Dengan kata lain, penyalahgunaan pasal makar bisa melahirkan makar yang sesungguhnya. Negara yang memilih jalan represi sedang menggali lubang bagi dirinya sendiri.

Sebaliknya, jika negara berani merevisi pasal makar dengan definisi yang jelas, sempit, dan proporsional, Indonesia bisa melangkah menuju demokrasi yang matang. Demokrasi yang sehat bukanlah demokrasi tanpa kritik, melainkan demokrasi yang memberi ruang luas bagi perbedaan pendapat.

Jika ditelusuri lebih jauh, konsep makar memang berakar pada sejarah panjang kolonialisme. Ia lahir dari produk hukum Belanda yang menyesuaikan kondisi politik Eropa kala itu, khususnya pasca-Perang Dunia dan dinamika pemberontakan di berbagai negara.

Ketika KUHP 1946 disusun, konsep makar diadopsi begitu saja tanpa pembaruan substansial. Satu-satunya perubahan hanya mengganti istilah “Raja-Ratu” menjadi “Presiden-Wakil Presiden”. Hal ini menunjukkan persoalan utama: pasal makar tidak pernah sungguh-sungguh dipikirkan ulang dalam kerangka negara merdeka yang menjunjung demokrasi dan hak asasi manusia.

Dalam negara demokrasi, makar sejati tentu harus ditindak tegas. Tidak ada kompromi bagi upaya nyata menggulingkan pemerintahan dengan kekerasan. Namun, ekspresi politik, demonstrasi, dan simbol-simbol perlawanan tidak boleh serta-merta ditarik ke dalam kategori makar.

Jika itu terjadi, hukum berubah menjadi alat kekuasaan yang justru merusak sendi negara hukum itu sendiri. Pada akhirnya, makar terbesar bukanlah pengibaran bendera atau teriakan di jalanan. Makar terbesar justru terjadi ketika negara mengkhianati janji demokrasi yang telah diucapkan sejak 1945.

Reformasi hukum pidana seharusnya menjadi momentum dekolonisasi, membebaskan bangsa dari warisan hukum kolonial yang represif. Namun jika pasal makar tetap dibiarkan dalam tafsir kabur, demokrasi Indonesia hanya akan berjalan di tempat, terjebak dalam bayang-bayang masa lalu.

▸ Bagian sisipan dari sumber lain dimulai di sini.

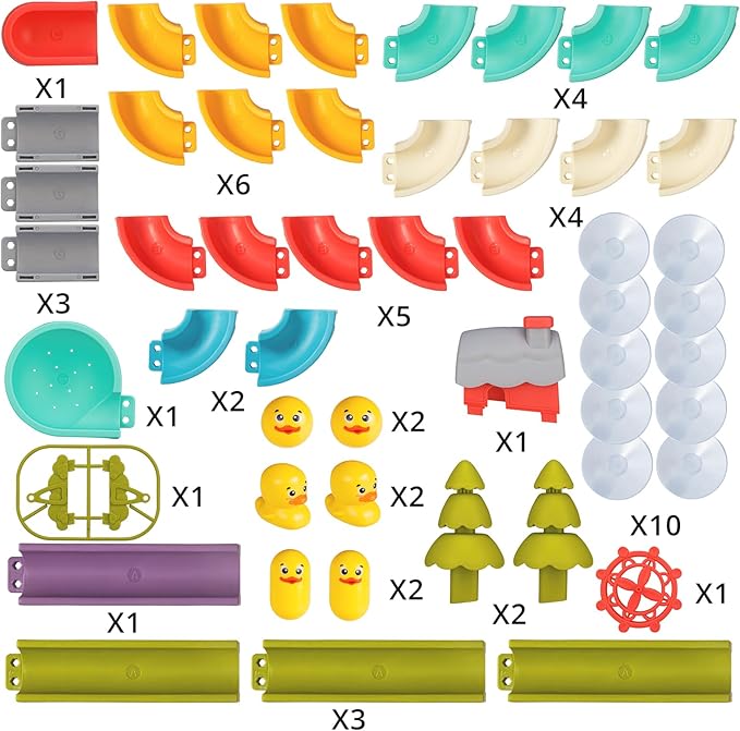 - 【DESIGN IT YOURSELF】There are 51 pieces in this bathtub toy set, including the suctions and the ducks. Yet you can design the tracks in many turns or straight, up or down, left or right. Do it with your imagination! Creative bath toys for toddlers age 3+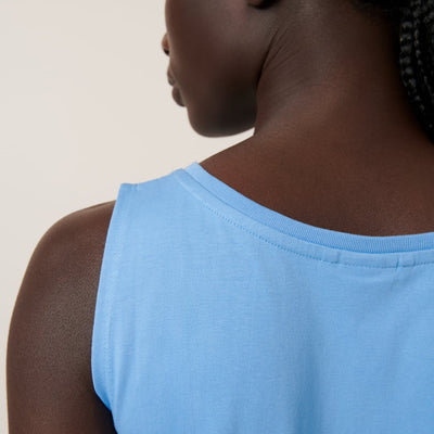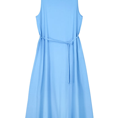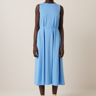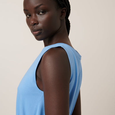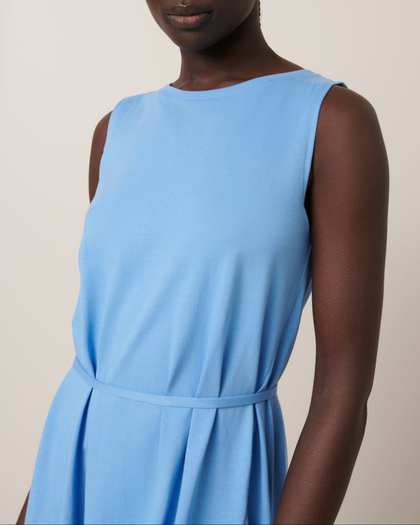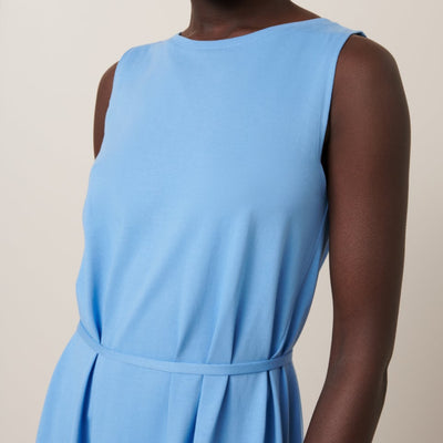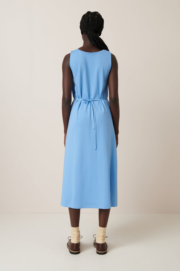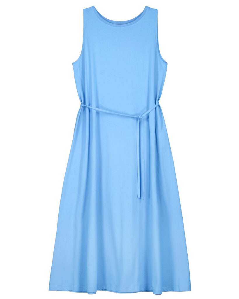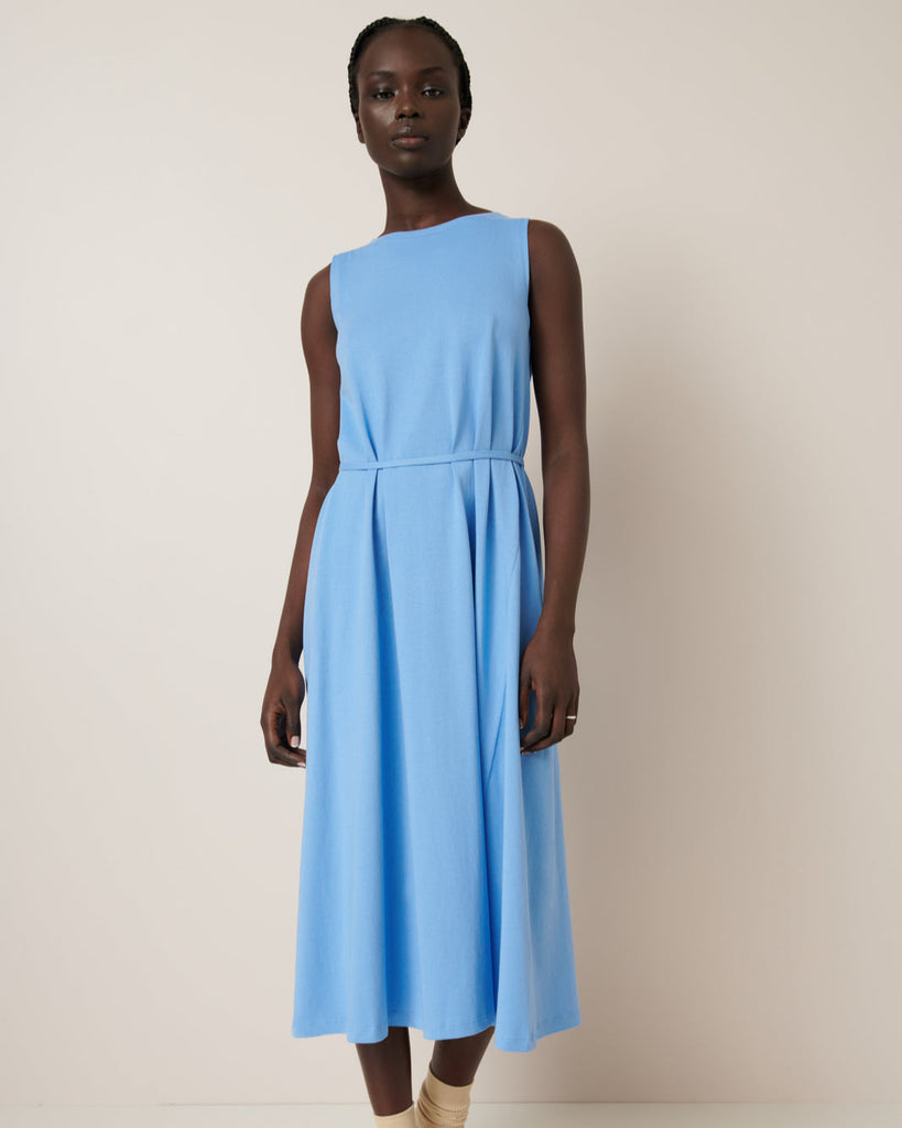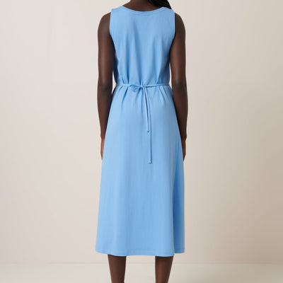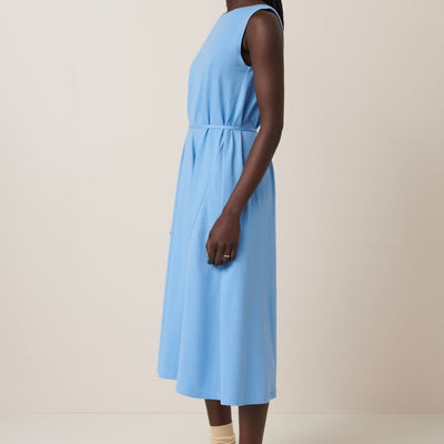 Kowtow's best-selling Tank Swing Dress in Skyline is an easy-wear style designed with an A-line shape for a relaxed, off-the-body fit. It falls mid-shin to ankle length, features Kowtow's signature twisted side seams and it can be worn loose or cinched in at the waist with the narrow fabric tie.

Negara memiliki pilihan: terus memakai hukum sebagai alat represi, atau berani menempuh jalan reformasi sejati demi demokrasi yang sehat. Jalan yang dipilih akan menentukan, apakah Indonesia akan menjadi bangsa yang benar-benar merdeka, atau terus hidup dalam bayang-bayang kolonial yang tak kunjung usai.